I have gotten the following Matlab code from Internet:
h = X*theta;
theta = theta - alpha / m * (X'*(h - y));
when I run the Internet solution it gives me almost the same answer as mine, with only a subtle difference in the 6th decimal position. When I submit that answer to the online program it is fully accepted, but I was wondering where the summation goes? in the formula explicitly indicates a summation which is no longer in the Internet solution. Maybe both codes are fine, but I do not know if the Internet author has made some linear algebra trick. Any help?
Thanks
I am not sure if I understood your question, but the formula you copied from internet is X'(h-y). Note that there is a tranposition signal after X! So, this is a matrices product. Your sum (your loop) is replaced by this matrices product.
Their code simultaneously updates theta. Your code iterates through the rows of theta using newer values of theta to regenerate the h which is used in updating the later rows of theta. I'd bet heavily that this is the difference.
For clarity, let's keep track of each iteration of theta in a matrix.
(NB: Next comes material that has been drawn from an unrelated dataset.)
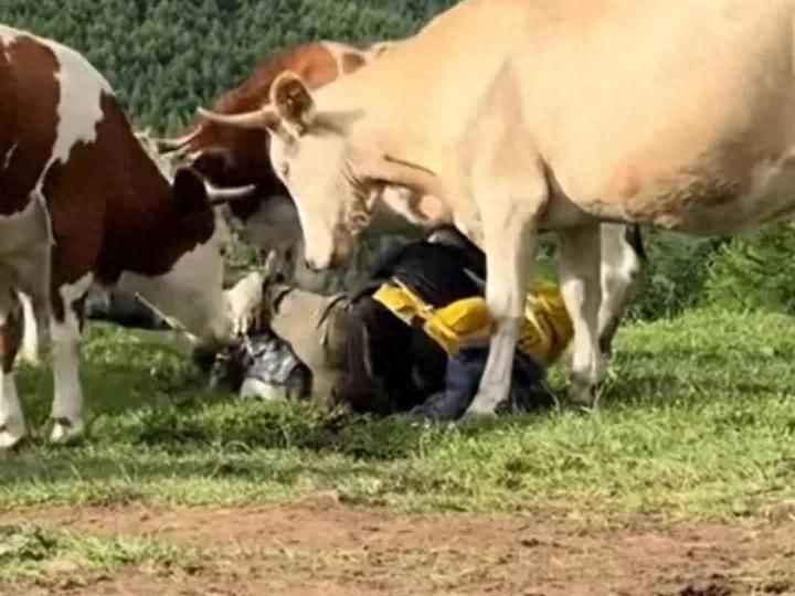 有些人真的是吃饱了闲的没事干,给牛喂牛肉干吃,差点被牛踩死,你说你好好的爬山就爬山吧,去招惹牛干什么。

Their code for iteration j is:
h = X*theta(:,j);
theta(:,j+1) = theta(:,j) - alpha / m * (X'*(h - y));
On the other hand, your code would be:
for i=1:size(theta,1)
my_mismatched_theta = [theta(1:i-1, j+1); theta(i:end, j)];
h=X * my_mismatched_theta;
sumE=sum((h-y).*X(:,i));
theta(i,j)=theta(i,j)-alpha*(1/m)*sumE;
end
It doesn't simultaneously update theta in one step. You're using newer versions of theta (i.e. theta(:,j+1) ) to generate h when updating the later rows of theta.
something you should try
Change your code to what I have below and see if you then get the same answer:
h=X*theta; %placed outside of loop so it doesn't get updated by new theta values
for i=1:size(theta,1)
sumE=sum((h-y).*X(:,i));
theta(i)=theta(i)-alpha*(1/m)*sumE;
end
Your algorithm may converge to the same point as theirs in this case, but there's a chance that the sort of casecade updating you're doing creates weirdness in other cases. Who knows.